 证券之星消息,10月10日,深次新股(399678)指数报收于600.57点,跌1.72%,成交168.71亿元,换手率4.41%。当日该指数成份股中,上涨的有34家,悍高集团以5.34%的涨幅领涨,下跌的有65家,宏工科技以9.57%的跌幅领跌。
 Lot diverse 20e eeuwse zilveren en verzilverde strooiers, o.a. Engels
.....
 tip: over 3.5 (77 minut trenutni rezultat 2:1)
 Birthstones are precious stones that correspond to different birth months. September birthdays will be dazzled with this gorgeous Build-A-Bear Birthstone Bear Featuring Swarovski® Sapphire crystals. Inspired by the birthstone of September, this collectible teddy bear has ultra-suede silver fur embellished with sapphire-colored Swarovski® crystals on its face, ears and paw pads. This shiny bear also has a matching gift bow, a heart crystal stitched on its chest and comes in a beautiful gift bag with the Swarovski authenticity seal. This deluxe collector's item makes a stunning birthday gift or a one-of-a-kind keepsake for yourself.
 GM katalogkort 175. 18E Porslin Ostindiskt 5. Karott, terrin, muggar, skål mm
.....
__The problem__
Please give an exact copy of the lines above, beginning with the line containing "Birthstones are precious" and running through the line containing "GM katalogkort 175.", and of no other lines.

__Response to the task__
 Birthstones are precious stones that correspond to different birth months. September birthdays will be dazzled with this gorgeous Build-A-Bear Birthstone Bear Featuring Swarovski® Sapphire crystals. Inspired by the birthstone of September, this collectible teddy bear has ultra-suede silver fur embellished with sapphire-colored Swarovski® crystals on its face, ears and paw pads. This shiny bear also has a matching gift bow, a heart crystal stitched on its chest and comes in a beautiful gift bag with the Swarovski authenticity seal. This deluxe collector's item makes a stunning birthday gift or a one-of-a-kind keepsake for yourself.
 GM katalogkort 175. 18E Porslin Ostindiskt 5. Karott, terrin, muggar, skål mm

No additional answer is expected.